GPT-4 Technical Report Review

티튠즈·2024년 2월 6일

서론

The post-training alignment process results in improved performance on measures of factuality and adherence to desired behavior. A core component of this project was developing infrastructure and optimization methods that behave predictably across a wide range of scales. This allowed us to accurately predict some aspects of GPT-4's performance based on models trained with no more than 1/1,000th the compute of GPT-4.

GPT-4는 인간보다는 아직 못하지만, 몇몇 특정한 영역에서는 상위 10% 수준의 능력을 냅니다.
GPT-4 는 Multi Modal Model

Input: Image & Text / Output: Text & Image

GPT-4 프로젝트의 방향은 인프라와 컴퓨팅 최적화 방법을 개발하는 것이 중요했고,
그것을 통해서 GPT- 4 의 1/1000 수준의 모델로도 GPT-4 의 일부 성능 측면을 정확하게 예측해냈습니다.
(이 부분이 MoE 의 아이디어가 아닌가 생각도 해봅니다. 처음에 GPT-4 가 나왔을 때를 생각해보면, GPT 3.5 여러개를 엮어놓은 것이다 등등의 예측이 나왔던 것도 이러한 Predictable Scaling 때문이 아니었을까 생각해봅니다.)

Text Benchmarks 결과 요약

GPT-3.5 가 70.1 % 임을 생각하면 GPT-4 는 번역된 다른 언어에서조차 MMLU Benchmark 의 점수가 높았습니다.
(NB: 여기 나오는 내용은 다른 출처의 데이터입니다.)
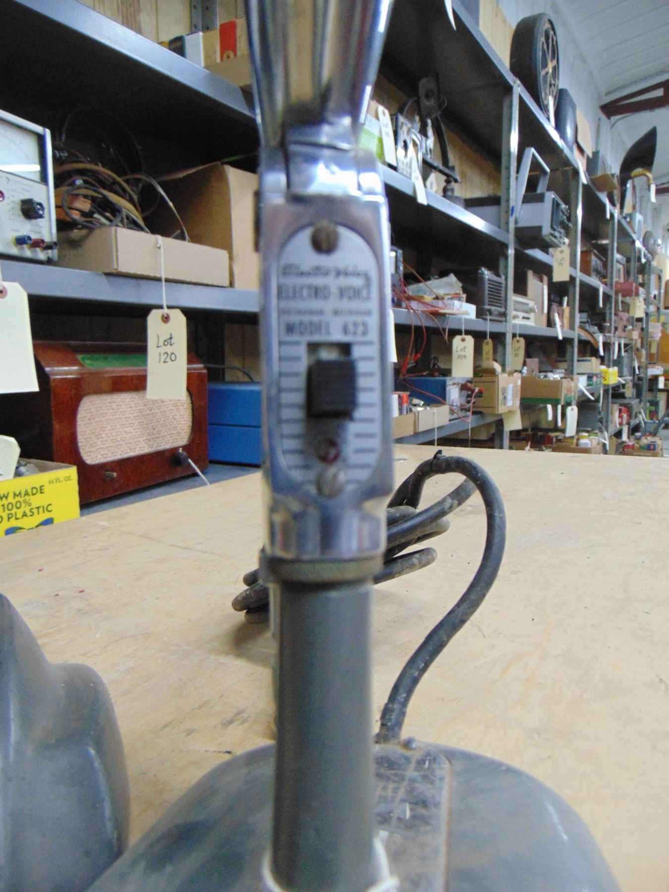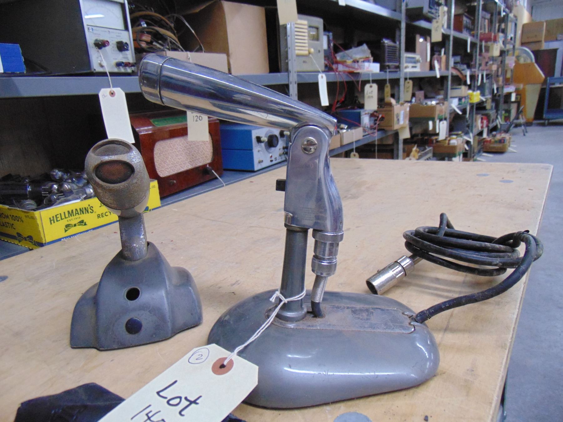 2 microphones; Electro Voice on stand, model 623; microphone

언어에 관계없이 지식을 이용하는 문제를 푸는 성능 자체가 좋다는 걸 의미합니다.

OpenAI 는 LLM Model 의 Evaluation 에 대해서도 오픈소스로 계속 업데이트 하고 있습니다.
- https://github.com/openai/evals

처음 GPT-4 가 공개되었을 때, 사람들이 굉장히 놀랐던 부분.

VGA 커넥터는 핸드폰에 꽂는 경우가 '거의' 없기 때문에, 그게 웃긴 포인트라고 딱 짚어냄

생각해보면, 세상 어디에선가는 손재주 좋은 사람이 VGA 커넥터 껍데기만 이용하면서 라이트닝 케이블 보호체(?)정도로 사용할 수도 있지 않을까요?
일본어로 써있는 케이블 포장지, 하단에 초록색으로 '라이트닝 케이블' 이라고 되어 있는데, 실제로 들어있는 케이블은 VGA 커넥터
VGA 커넥터의 모양은 저렇게 생기지 않았음(화면에 보이는건 라이트닝 케이블)을 정확하게 잘 짚어냈습니다.

사실 그것 때문에 GPT4 가 Multi-Modal 을 잘한다라고 보기에는 좀 더 생각해볼 부분이 있다고 봅니다.
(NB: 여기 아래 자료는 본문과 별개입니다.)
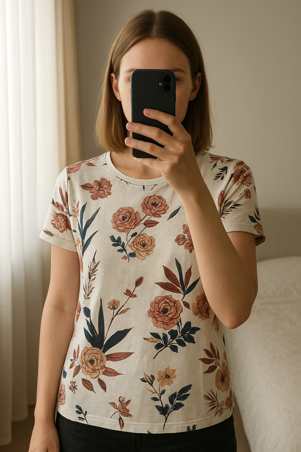 Tee-shirt Floral Imprimé Végétal & Libellules Vintage debout, face à la caméra, dans une chambre à la lumière douce, avec une lumière naturelle filtrant par la fenêtre.

모두 VGA Connector 관련 이미지를 한번에 질문했는데, 각각 다른 이미지였다면 이런 결과가 나왔을지?
'웃긴' 부분이 아닌 말을 조금 변경해서 '이상한' 부분이라고 하면 알아차릴지? (인간은 기존과 다르게 이상하면 그것을 웃기다라고 생각하는 경우가 있으므로 한번 꼬아서 질문하는 격)

GPT-4 makes progress on public benchmarks like TruthfulQA, which tests the model’s ability to separate fact from an adversarially-selected set of incorrect statements (Figure 7). These questions are paired with factually incorrect answers that are statistically appealing. The GPT-4 base model is only slightly better at this task than GPT-3.5; however, after RLHF post-training we observe large improvements over GPT-3.5
(We did not check the RLHF post-training data for contamination with TruthfulQA)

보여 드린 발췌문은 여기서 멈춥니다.